*** DATA FOR ANALYSIS Section Begins ***

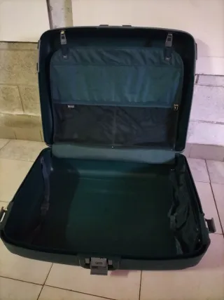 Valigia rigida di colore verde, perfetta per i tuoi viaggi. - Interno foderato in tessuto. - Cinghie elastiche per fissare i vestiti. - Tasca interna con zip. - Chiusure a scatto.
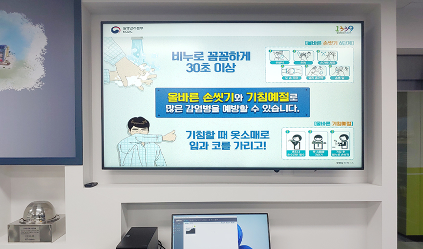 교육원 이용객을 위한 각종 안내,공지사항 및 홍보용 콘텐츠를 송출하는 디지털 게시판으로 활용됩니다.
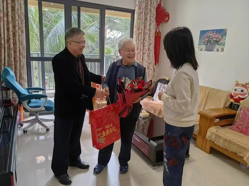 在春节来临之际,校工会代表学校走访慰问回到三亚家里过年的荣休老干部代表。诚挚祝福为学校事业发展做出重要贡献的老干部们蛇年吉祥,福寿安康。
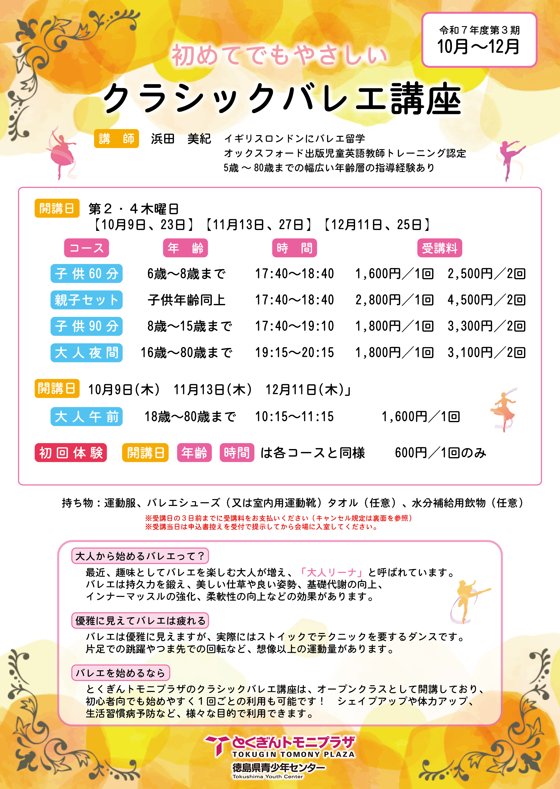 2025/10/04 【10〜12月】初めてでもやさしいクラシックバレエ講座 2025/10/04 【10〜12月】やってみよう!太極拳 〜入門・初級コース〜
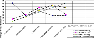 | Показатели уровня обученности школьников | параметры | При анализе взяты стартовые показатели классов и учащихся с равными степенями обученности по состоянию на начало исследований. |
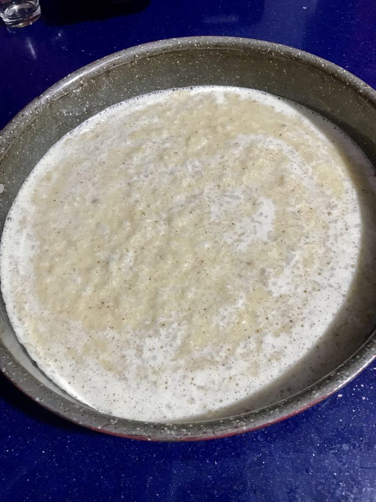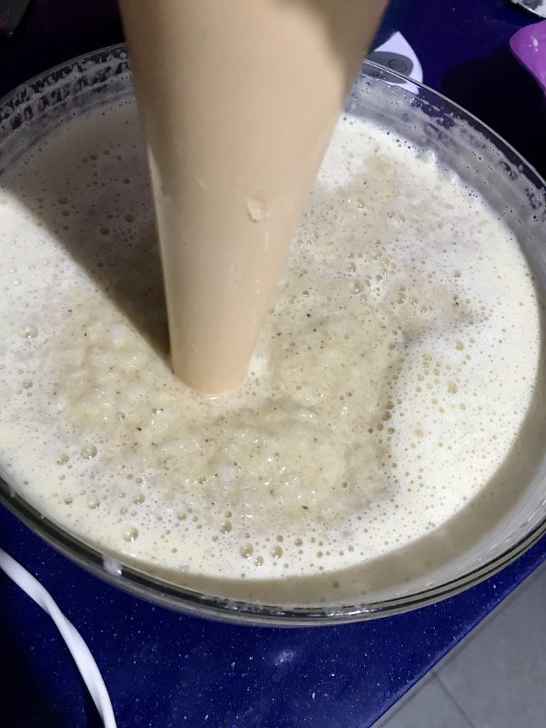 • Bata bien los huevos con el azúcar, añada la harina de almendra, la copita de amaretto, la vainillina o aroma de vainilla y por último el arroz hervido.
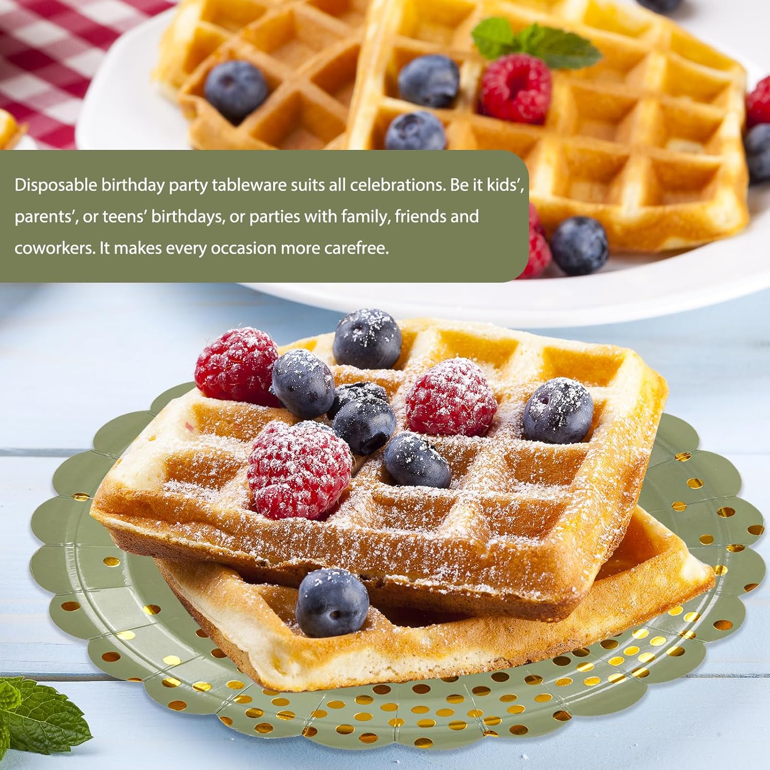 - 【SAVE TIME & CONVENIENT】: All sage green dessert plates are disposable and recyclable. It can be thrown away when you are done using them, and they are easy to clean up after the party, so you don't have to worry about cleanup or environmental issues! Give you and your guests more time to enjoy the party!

*** DATA FOR ANALYSIS Section Ends ***
*** DATA FOR ANALYSIS Section Begins ***

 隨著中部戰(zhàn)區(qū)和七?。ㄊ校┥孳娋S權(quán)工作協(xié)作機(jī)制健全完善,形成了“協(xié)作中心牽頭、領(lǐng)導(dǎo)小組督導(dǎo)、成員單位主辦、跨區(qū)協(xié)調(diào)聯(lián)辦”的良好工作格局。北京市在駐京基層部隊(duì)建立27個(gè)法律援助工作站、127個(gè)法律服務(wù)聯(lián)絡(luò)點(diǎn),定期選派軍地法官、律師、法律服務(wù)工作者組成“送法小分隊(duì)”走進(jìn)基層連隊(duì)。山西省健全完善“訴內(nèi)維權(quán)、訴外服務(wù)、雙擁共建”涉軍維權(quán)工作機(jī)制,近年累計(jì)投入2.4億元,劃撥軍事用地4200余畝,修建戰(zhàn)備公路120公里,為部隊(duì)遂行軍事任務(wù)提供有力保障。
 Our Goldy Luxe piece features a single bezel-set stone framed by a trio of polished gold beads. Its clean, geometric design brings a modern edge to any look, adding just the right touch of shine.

*** DATA FOR ANALYSIS Section Ends ***
*** DATA FOR ANALYSIS Section Begins ***

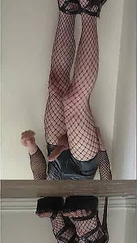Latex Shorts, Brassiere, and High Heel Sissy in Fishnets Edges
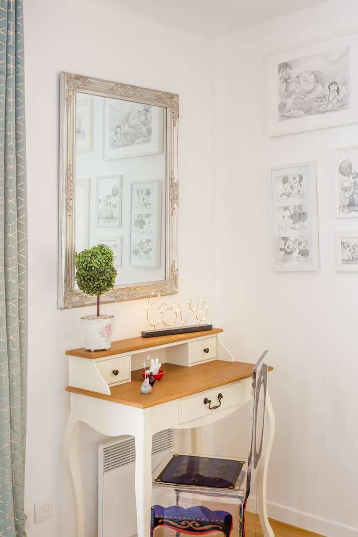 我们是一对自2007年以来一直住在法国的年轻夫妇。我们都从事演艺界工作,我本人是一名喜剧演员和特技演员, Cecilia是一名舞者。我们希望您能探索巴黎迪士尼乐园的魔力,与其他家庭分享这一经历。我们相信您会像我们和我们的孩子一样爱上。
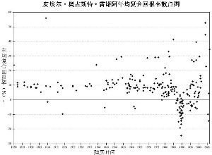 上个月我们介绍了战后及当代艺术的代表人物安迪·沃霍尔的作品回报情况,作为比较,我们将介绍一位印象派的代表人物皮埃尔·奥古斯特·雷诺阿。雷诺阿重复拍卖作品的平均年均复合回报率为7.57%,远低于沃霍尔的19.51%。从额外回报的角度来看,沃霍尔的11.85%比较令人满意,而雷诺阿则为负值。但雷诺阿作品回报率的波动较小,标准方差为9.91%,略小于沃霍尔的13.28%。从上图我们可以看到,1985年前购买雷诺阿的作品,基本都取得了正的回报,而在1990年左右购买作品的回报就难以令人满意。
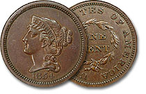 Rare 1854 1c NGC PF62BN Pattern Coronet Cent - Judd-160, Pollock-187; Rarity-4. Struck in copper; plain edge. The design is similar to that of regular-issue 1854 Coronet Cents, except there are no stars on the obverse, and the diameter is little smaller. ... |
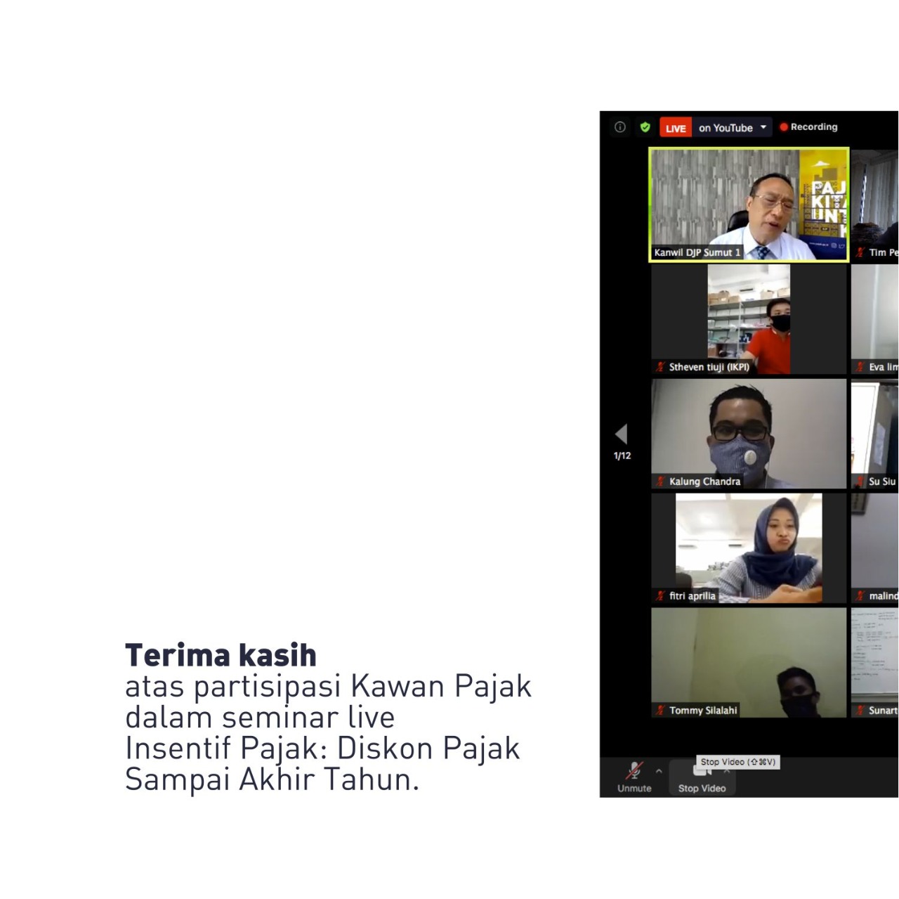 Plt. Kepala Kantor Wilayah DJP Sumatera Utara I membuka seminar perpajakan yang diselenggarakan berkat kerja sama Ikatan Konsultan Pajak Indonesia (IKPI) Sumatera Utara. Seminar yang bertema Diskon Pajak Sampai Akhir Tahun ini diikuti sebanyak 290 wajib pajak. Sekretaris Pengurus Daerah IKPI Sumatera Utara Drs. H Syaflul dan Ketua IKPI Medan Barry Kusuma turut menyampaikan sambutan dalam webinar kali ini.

*** DATA FOR ANALYSIS Section Ends ***

*TASK*: Beginning with the line above that contains "Valigia rigida di" and finishing with the line that contains "- 【SAVE TIME", print those lines exactly and only. Skip all pictures.

*SOLUTION FOR THIS TASK*:
 Valigia rigida di colore verde, perfetta per i tuoi viaggi. - Interno foderato in tessuto. - Cinghie elastiche per fissare i vestiti. - Tasca interna con zip. - Chiusure a scatto.
 교육원 이용객을 위한 각종 안내,공지사항 및 홍보용 콘텐츠를 송출하는 디지털 게시판으로 활용됩니다.
 在春节来临之际,校工会代表学校走访慰问回到三亚家里过年的荣休老干部代表。诚挚祝福为学校事业发展做出重要贡献的老干部们蛇年吉祥,福寿安康。
 2025/10/04 【10〜12月】初めてでもやさしいクラシックバレエ講座 2025/10/04 【10〜12月】やってみよう!太極拳 〜入門・初級コース〜
 | Показатели уровня обученности школьников | параметры | При анализе взяты стартовые показатели классов и учащихся с равными степенями обученности по состоянию на начало исследований. |
 • Bata bien los huevos con el azúcar, añada la harina de almendra, la copita de amaretto, la vainillina o aroma de vainilla y por último el arroz hervido.
 - 【SAVE TIME & CONVENIENT】: All sage green dessert plates are disposable and recyclable. It can be thrown away when you are done using them, and they are easy to clean up after the party, so you don't have to worry about cleanup or environmental issues! Give you and your guests more time to enjoy the party!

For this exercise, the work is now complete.